SUPPLIED RECORDS:
+++
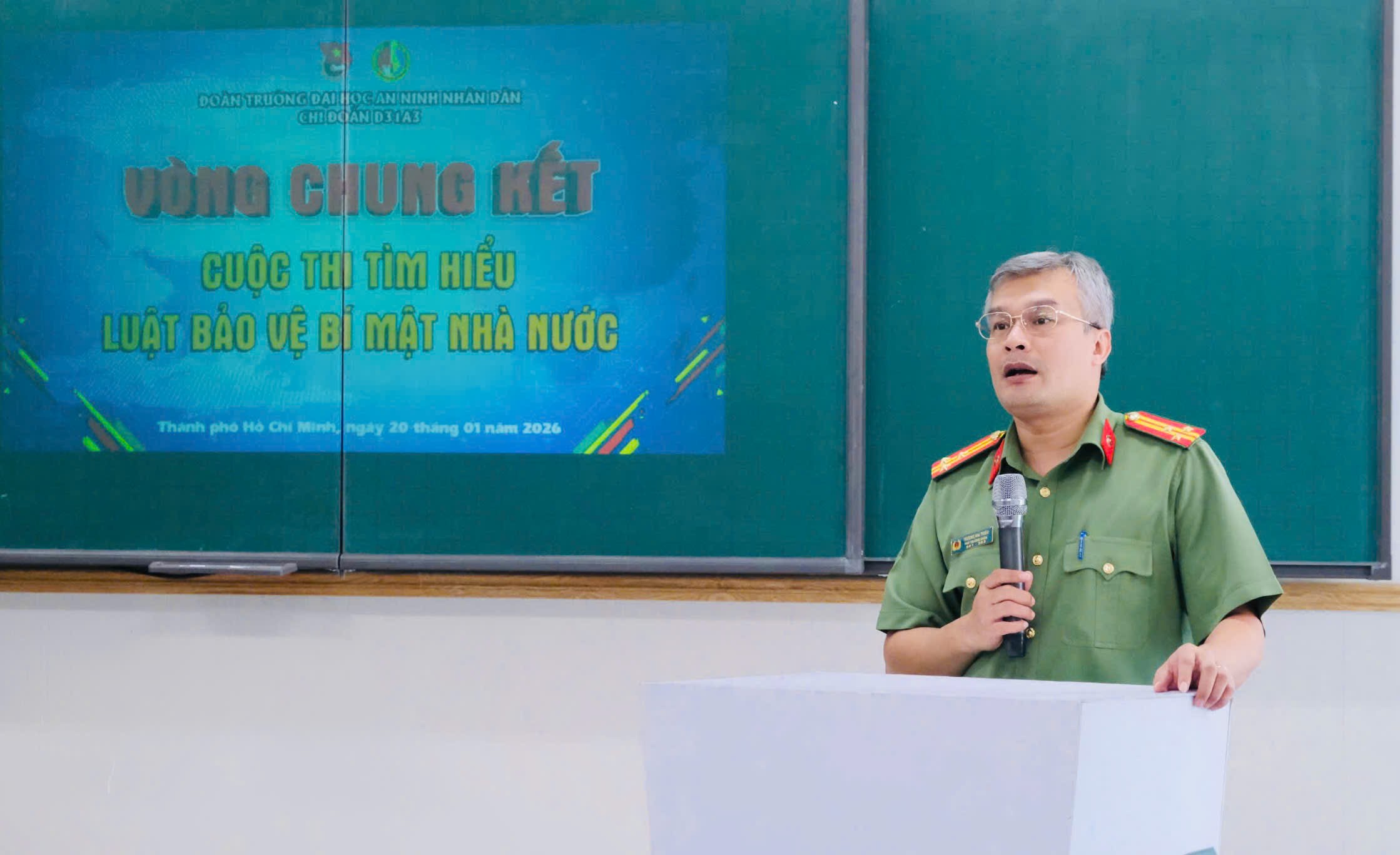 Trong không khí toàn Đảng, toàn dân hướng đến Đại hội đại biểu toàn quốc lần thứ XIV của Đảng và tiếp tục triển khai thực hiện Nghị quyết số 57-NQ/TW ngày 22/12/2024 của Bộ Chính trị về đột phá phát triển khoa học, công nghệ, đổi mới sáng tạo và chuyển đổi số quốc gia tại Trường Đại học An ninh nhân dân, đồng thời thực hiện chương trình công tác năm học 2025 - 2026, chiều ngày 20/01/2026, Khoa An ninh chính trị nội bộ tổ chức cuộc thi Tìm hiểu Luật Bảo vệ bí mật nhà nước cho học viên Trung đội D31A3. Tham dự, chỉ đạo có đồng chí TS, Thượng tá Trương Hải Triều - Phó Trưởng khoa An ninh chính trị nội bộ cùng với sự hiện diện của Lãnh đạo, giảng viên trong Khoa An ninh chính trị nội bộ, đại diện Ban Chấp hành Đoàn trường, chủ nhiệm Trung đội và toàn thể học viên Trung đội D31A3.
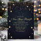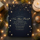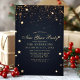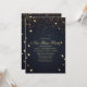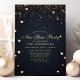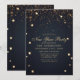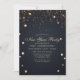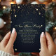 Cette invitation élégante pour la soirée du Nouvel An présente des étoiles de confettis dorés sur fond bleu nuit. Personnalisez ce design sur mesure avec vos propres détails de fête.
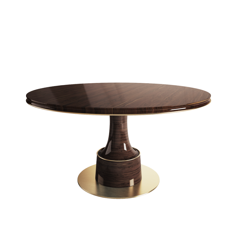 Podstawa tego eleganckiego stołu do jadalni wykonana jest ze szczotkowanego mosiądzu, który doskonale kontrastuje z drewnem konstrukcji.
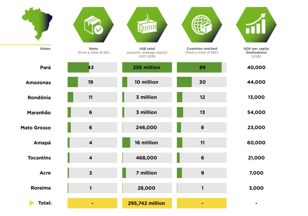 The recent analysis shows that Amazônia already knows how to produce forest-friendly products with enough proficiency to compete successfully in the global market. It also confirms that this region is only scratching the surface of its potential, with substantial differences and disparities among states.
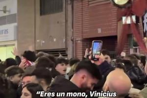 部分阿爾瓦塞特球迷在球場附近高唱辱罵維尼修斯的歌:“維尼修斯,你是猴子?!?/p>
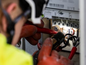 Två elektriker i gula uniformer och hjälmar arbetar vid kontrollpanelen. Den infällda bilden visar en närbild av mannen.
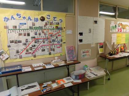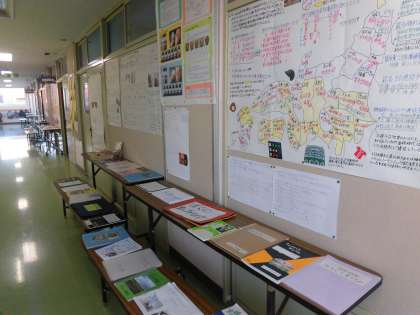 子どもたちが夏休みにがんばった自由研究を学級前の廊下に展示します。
+++
DESCRIPTION OF THE TASK: Apart from the pictures, return the records exactly.

OUTPUT BELOW:
 Trong không khí toàn Đảng, toàn dân hướng đến Đại hội đại biểu toàn quốc lần thứ XIV của Đảng và tiếp tục triển khai thực hiện Nghị quyết số 57-NQ/TW ngày 22/12/2024 của Bộ Chính trị về đột phá phát triển khoa học, công nghệ, đổi mới sáng tạo và chuyển đổi số quốc gia tại Trường Đại học An ninh nhân dân, đồng thời thực hiện chương trình công tác năm học 2025 - 2026, chiều ngày 20/01/2026, Khoa An ninh chính trị nội bộ tổ chức cuộc thi Tìm hiểu Luật Bảo vệ bí mật nhà nước cho học viên Trung đội D31A3. Tham dự, chỉ đạo có đồng chí TS, Thượng tá Trương Hải Triều - Phó Trưởng khoa An ninh chính trị nội bộ cùng với sự hiện diện của Lãnh đạo, giảng viên trong Khoa An ninh chính trị nội bộ, đại diện Ban Chấp hành Đoàn trường, chủ nhiệm Trung đội và toàn thể học viên Trung đội D31A3.
 Cette invitation élégante pour la soirée du Nouvel An présente des étoiles de confettis dorés sur fond bleu nuit. Personnalisez ce design sur mesure avec vos propres détails de fête.
 Podstawa tego eleganckiego stołu do jadalni wykonana jest ze szczotkowanego mosiądzu, który doskonale kontrastuje z drewnem konstrukcji.
 The recent analysis shows that Amazônia already knows how to produce forest-friendly products with enough proficiency to compete successfully in the global market. It also confirms that this region is only scratching the surface of its potential, with substantial differences and disparities among states.
 部分阿爾瓦塞特球迷在球場附近高唱辱罵維尼修斯的歌:“維尼修斯,你是猴子?!?/p>
 Två elektriker i gula uniformer och hjälmar arbetar vid kontrollpanelen. Den infällda bilden visar en närbild av mannen.
 子どもたちが夏休みにがんばった自由研究を学級前の廊下に展示します。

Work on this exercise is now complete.